Making it to the top of Goldman Sachs brings wealth, prestige — and apparently a waiver from Finra from taking the broker exams it regularly requires of others in the securities industry.
The Financial Industry Regulatory Authority Inc.
gave former U.S. senator and New Jersey Gov. Jon Corzine a pass from taking the Series 24 and Series 7 exams when he returned to the financial sector to head the now-bankrupt MF Global Inc. in 2010 after an 11-year break from the industry. After such a gap, Finra normally requires brokers to take these exams. The agency did require Mr. Corzine to take the Series 32 futures exam.
The fact that Mr. Corzine didn't have to requalify for registration probably didn't make a difference in the firm's recent collapse,
costing 1,066 employees their jobs. But the perception of special treatment riles some advisers.
“There should be no favoritism or cronyism within the securities industry,” Nigel Taylor, owner of Taylor & Associates, wrote in an e-mail. “It's corrupt enough at the top already, as recent enforcement actions against brokers, fee-only planners and insider traders have illustrated.”
Mr. Corzine worked on Wall Street for 24 years, capping his career by serving as co-chairman and chief executive of Goldman Sachs & Co. He left the firm in 1999 and was elected to a U.S. Senate seat from New Jersey in 2000. He was elected governor in 2005.
After he was defeated for re-election in 2009 by current New Jersey Gov. Chris Christie, Mr. Corzine joined MF Global. Finra says on its website that investment professionals must retake exams after being out of the business for more than two years.
Forbes.com was the first to report in a
blog post last week that Mr. Corzine received the Finra waivers.
One compliance consultant speculated that Mr. Corzine used his Finra connections to obtain his waivers. He had served on the board of NASD, which later became Finra.
“It can only be surmised that due to his former position on the board of governors, he was able to pull strings not available to the rest of us,” said Brian Hamburger, managing director of MarketCounsel.
A lawyer for Mr. Corzine did not return a call for comment.
Finra spokeswoman Nancy Condon denied last week that Mr. Corzine received special treatment, saying Finra grants a large number of exemptions each year. So far this year, Finra has approved 1,556 waivers, while denying 1,333 others, according to Ms. Condon. She did not supply the total number of exams administered.

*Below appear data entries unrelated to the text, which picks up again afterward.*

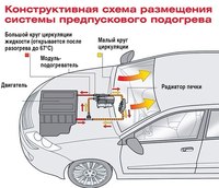 С самой системой охлаждения автотранспорта связан подогреватель. Сама собой прокачивает себя охлаждающим веществом жидкокость, идущая прямо из центра, из теплообменника, который имеет подогреватель.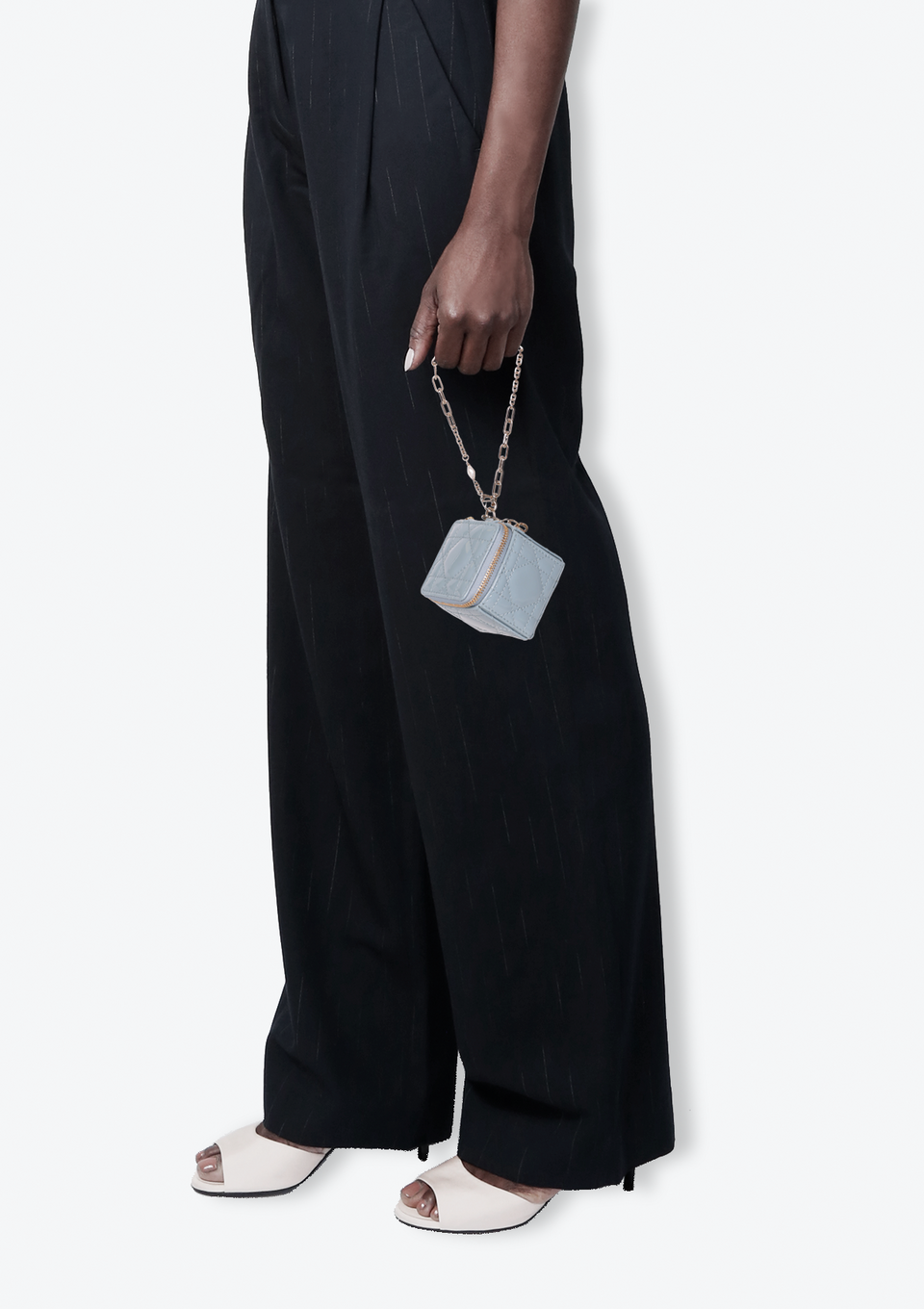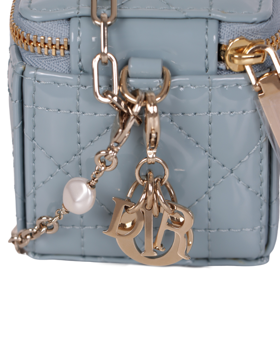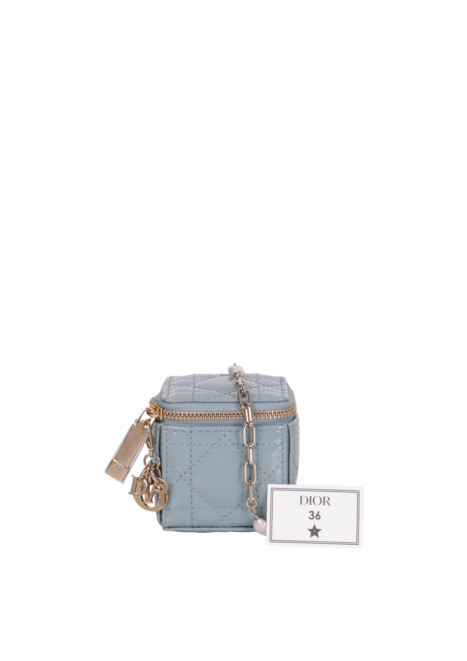 Descrição do Material: Couro calfskin azul com detalhes em matelassê e acabamento envernizado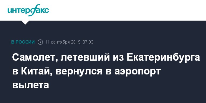 Самолет, летевший из Екатеринбурга в Китай, вернулся в аэропорт вылета

The Securities and Exchange Commission, which regulates Finra, did not respond to a request for comment.
Finra is not the only regulator that grants waivers. For instance, nearly every state exempts certified financial planners from the Series 65 licensing exam and allows other exceptions, too.
STANDARD PRACTICE
“It's a pretty standard practice,” said Steven Thomas, director of Lexington Compliance and former chief compliance examiner in the South Dakota Division of Securities. “In a lot of cases, it's justified. [But] there would be no justification on why [Mr. Corzine] should get a waiver.”
Ms. Condon said that the same standard applies to everyone seeking to skip exams.
“Each request for a waiver is reviewed and considered against the detailed criteria posted on Finra.org,” Ms. Condon wrote in an e-mail. “It includes general experience, education and regulatory or legal experience.”
Before his sojourn into politics, Mr. Corzine spent his career in the financial industry. After working at a regional bank in Ohio, he joined Goldman Sachs in 1975 as a bond trader. He worked his way up to co-chairman and chief executive in 1994, serving until 1999.
During his time in government, Mr. Corzine was not completely separated from financial industry matters.
“On the [Senate] Banking Committee, he worked on what became the Sarbanes-Oxley Act of 2003,” states a biographical sketch in the Almanac of American Politics.
As governor, of course, he had ultimate responsibility for New Jersey's Bureau of Securities.
But Mr. Thomas argues that Mr. Corzine's government service didn't expose him to the rapidly changing environment of financial regulations.
David Tittsworth, executive director of the Investment Adviser Association, said that Mr. Corzine probably would have passed his exams if he had been required to take them. Those credentials, however, don't guarantee ethical behavior.
“As far as I know, Bernie Madoff passed the Series 7 examination,” Mr. Tittsworth wrote in an e-mail. “He was chairman of Nasdaq, and his family held various roles at Finra/NASD. None of those factors stopped him from perpetrating fraud. Instead, all of those factors lent credibility to his resume.”
Observers agree that Mr. Corzine's exam waivers probably had no effect on MF Global's collapse, which was caused by vast overleverage in European sovereign debt.
On Friday, a court-appointed bankruptcy trustee announced that MF Global is not conducting any business and will not be reorganized. Of the 1,066 employees fired, between 150 and 200 of them would be rehired to help wind down the business.
About 17,000 customer account positions and approximately $1.5 billion in customer account funds have been transferred to other future commodities merchants.